Wu wants to test electric school buses
Plans to fully electrify fleet by 2030
STATE HOUSE NEWS SERVICE
BOSTON WILL ROLL in a small number of electric school buses next school year in a pilot program geared toward fully electrifying the city’s fleet in the next eight years, Mayor Michelle Wu announced Wednesday, and the city is also laying groundwork for vocational training around electric vehicles.
Up to 20 electric buses will replace diesel buses in the 2022-2023 school year, Wu said, and the limited rollout will give the city a chance to test-drive the needs associated with electric buses, such as charging infrastructure and maintenance.
Wu said the goal is to fully electrify the fleet — which currently stands at around 700 buses, of which half are diesel-powered — by 2030.
“This will be the trainer model, because then we will be training our young people to be able to step into these jobs right away,” Wu told reporters at Roxbury’s Madison Park Technical Vocational High School, where she said electric vehicle training will be integrated into the core curriculum starting this fall.

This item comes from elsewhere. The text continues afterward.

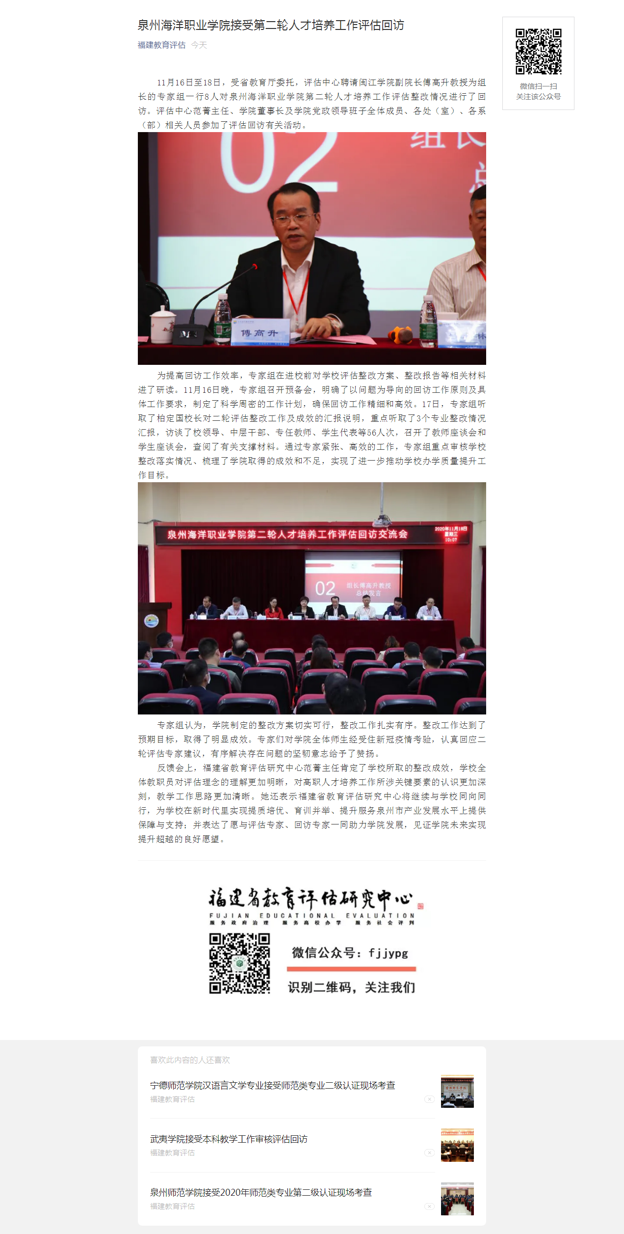 【福建教育评估】泉州海洋职业学院接受第二轮人才培养工作评估回访

Bill Coughlin, the city’s central fleet maintenance director, highlighted how auto service is changing with the proliferation of EVs.“It is beyond where we started out — points, plugs, condenser, rotate the tires, drum brakes. We are gone. We are into modules, more modules, and computers. And if they don’t talk to each other, machine’s down. Then it’s your job to figure it out,” Coughlin said, gesturing to a group of students, “and I know you all will.”